The hosts delve into detailed descriptions of their attire, touching on brands like Gucci, MF Pen, and Mildred Best Barber Shop. They laugh over matching details and the quirky aspects of their clothing, adding a personal touch to their discussion.
The segment also includes playful banter about their grooming habits and accessories, highlighting their camaraderie and shared sense of humor.
Travel Tales: Bachelor Party in Asheville (09:31 - 10:45)
Brad recounts his recent bachelor party trip to Asheville, North Carolina, providing listeners with an entertaining narrative filled with anecdotes and experiences.
He describes the house's unique features, including a glam room and neon signs, painting a vivid picture of the festivities.
Brad also shares mishaps from the trip, such as forgetting his preferred water bottle, which adds a relatable and humorous element to his story.
The exchange between Brad and Inda underscores the unpredictable nature of travel and the importance of camaraderie in overcoming such challenges.
Flight Booking Fiasco (10:57 - 11:43)
Inda opens up about a recent frustrating experience with booking a flight, highlighting the complexities and stress associated with travel planning.
Inda E Cigaretta [11:02]: "You say you'll never join the Navy, that living on a submarine would be too hard..."
Brad [11:13]: "Last time you booked a flight for yourself?"
Inda discusses the difficulties of independently managing travel arrangements, contrasting it with past experiences where travel planning was more straightforward.
The conversation touches on the challenges of modern travel logistics, resonating with listeners who have faced similar hurdles.
Notable Quotes
Brad [01:11]: "Fits DK yeah that's how you say for our linguists at home they know that I said Sigs inside..."

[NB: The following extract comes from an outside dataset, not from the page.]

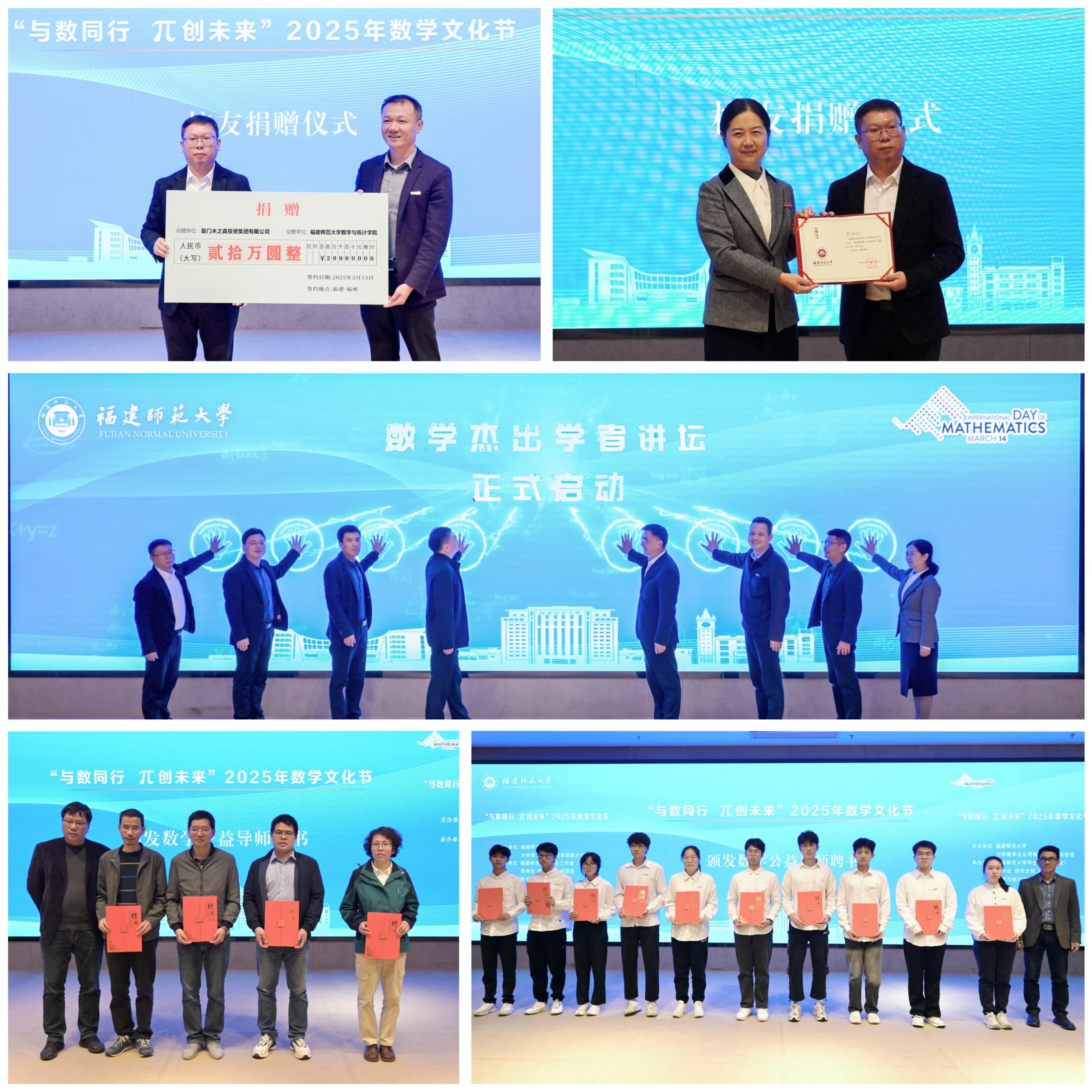 随后,与会领导、嘉宾共同启动数学杰出学者讲坛。廖木森向数学与统计学院捐赠人民币20万元,支持学院的建设与发展。九游平台(中国)数学与统计学院相关负责人为5名“数学公益导师”、10名“朋辈导师”颁发聘书。

Inda E Cigaretta [02:34]: "Absolutely better for the groms."
Inda E Cigaretta [04:13]: "We're both waiting exactly the same color."

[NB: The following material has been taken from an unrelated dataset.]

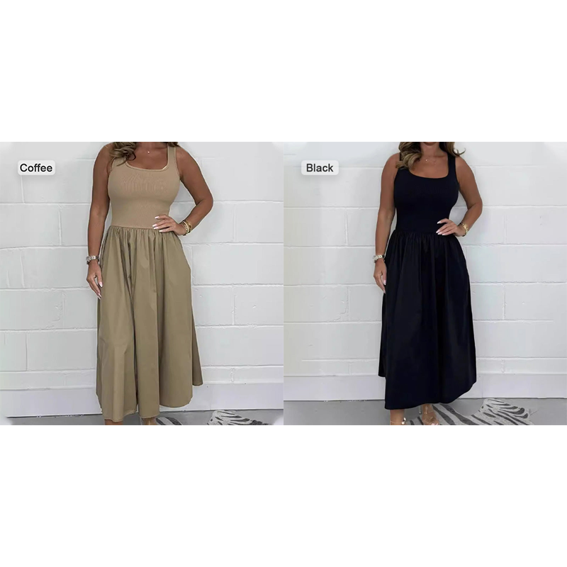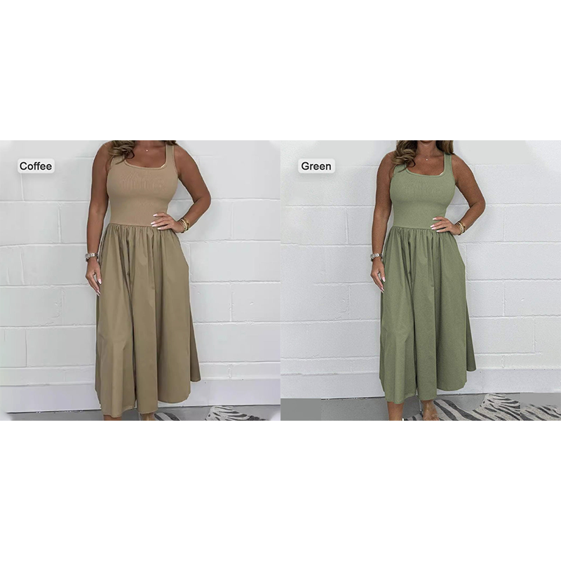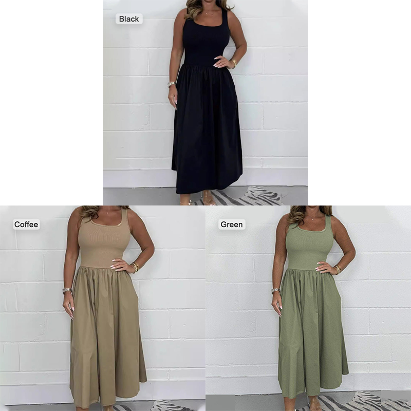 🎉Get ready to look stylish with our solid-color sleeveless dress!

Brad [09:34]: "We stayed in this ridiculous house that was made for bachelor and bachelorette parties."
Conclusion
In this engaging episode of Throwing Fits, Brad and Inda E Cigaretta deliver their trademark blend of humor, insightful conversations, and relatable stories. From linguistic jokes and fashion insights to travel mishaps and personal anecdotes, the hosts create a vibrant and entertaining narrative that keeps listeners hooked from start to finish. Whether you're a regular follower or a newcomer, this episode offers a comprehensive look into the dynamic world of Throwing Fits, making it a must-listen for those seeking both laughs and camaraderie.